Saludos  --  baufred  --


----------



## Tonerl

_*Hallo Baufred !*_

_*Vom Grundsatz her, mag deine Interpretation ja richtig sein, aber müsste es dann nicht eher heißen:
cojo la bicicleta para ir a la escuela ?*_

_*LG *_


----------



## Peterdg

Creo que la pregunta original está mal planteada y tiene que ser:

¿Cómo se dice "cojo la bicicleta para ir a clase" en alemán?

O, incluso mejor: ¿Cómo se dice en alemán: "cojo la bicicleta para ir a clase"?


----------



## baufred

sea cómo sea ... nadie es perfecto ... 

Saludos  ...


----------



## Tonerl

Peterdg said:


> O, incluso mejor: ¿Cómo se dice en alemán: "cojo la bicicleta para ir a clase"?

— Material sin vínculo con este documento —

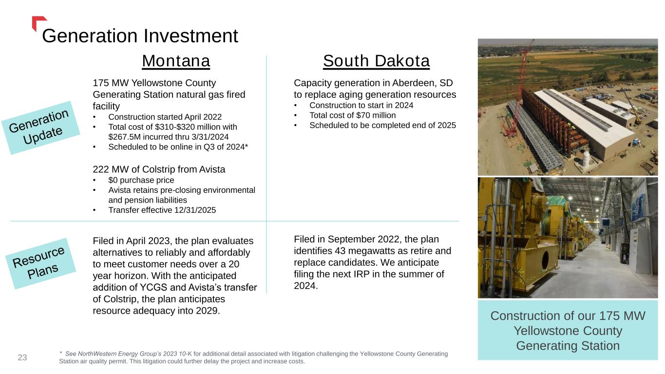 22 Disciplined Expense Program Source: FERC Form 1 Reports - 2023 expenses and company filings through S&P Global IQ. Electric Non-Fuel O&M excludes fuel and steam costs for power generation, water costs for hydro operations, and purchased power cost unless identified in company disclosures. Electric employees are allocated by electric rate base weighting to total rate base. Per Customer… Per Employee… Per Rate Base… NorthWestern maintains best-in-class expense efficiency among our regional peers.

_*Ich würde es der Einfachheit halber, so übersetzen:*_
_*Ich nehme das Fahrrad, um zum "Unterricht" zu fahren *_!


----------



## Tonerl

baufred said:


> sea cómo sea ... nadie es perfecto ...



_*Wie Recht du hast, das macht es aber doch so spannend, oder ? *_

_*Hasta la próxima !*_


----------